Work item => Leave out all pictures. Return exactly the lines from the top of the material through the line containing "God stekepanne i".

Supplied data =>
Content starts

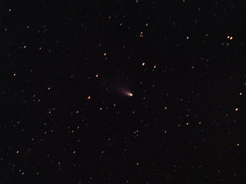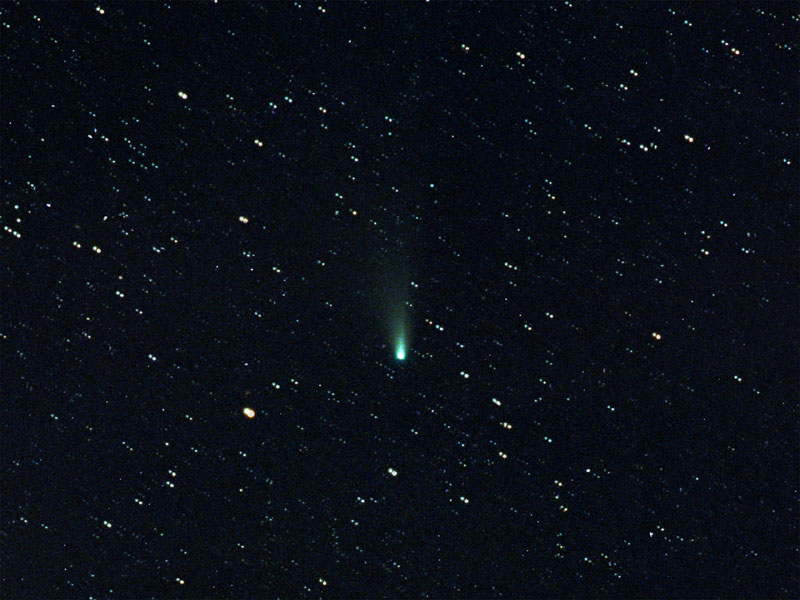 Blazing across the sky at 6 degrees per day, photographing the comet is getting to be a real tracking challenge. For this shot, two 2 minute exposures with an 8 inch f/1.5 schmidt camera on Kodak PJ400 from my backyard in Payson Arizona were taken, and scanned then digitally combined to create a single 4 minute equivelent exposurre. Since the comet moved about an arc minute between frames, the comet had to be registered at the expense of doubling the stars. This makes the comet appear stationary, while the stars whiz by. This image is cropped from the center half of the negative.
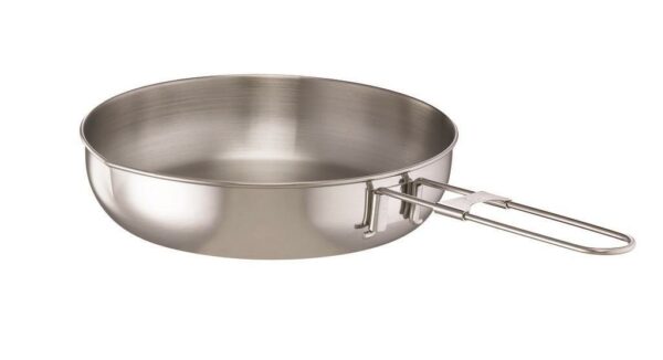 God stekepanne i rustfritt stål med håndtak som kan taes av for å spare plass.
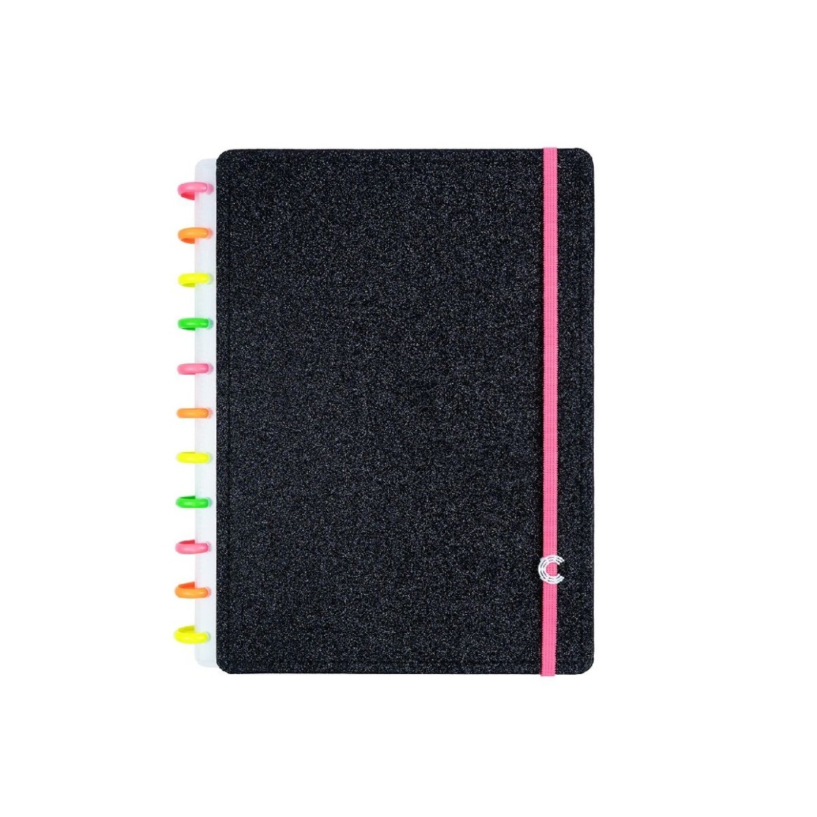 CADERNO LET'S GLITTER NEON BLACK MEDIO CADERNO INTELIGENTE

Content ends

Result of the task =>
 Blazing across the sky at 6 degrees per day, photographing the comet is getting to be a real tracking challenge. For this shot, two 2 minute exposures with an 8 inch f/1.5 schmidt camera on Kodak PJ400 from my backyard in Payson Arizona were taken, and scanned then digitally combined to create a single 4 minute equivelent exposurre. Since the comet moved about an arc minute between frames, the comet had to be registered at the expense of doubling the stars. This makes the comet appear stationary, while the stars whiz by. This image is cropped from the center half of the negative.
 God stekepanne i rustfritt stål med håndtak som kan taes av for å spare plass.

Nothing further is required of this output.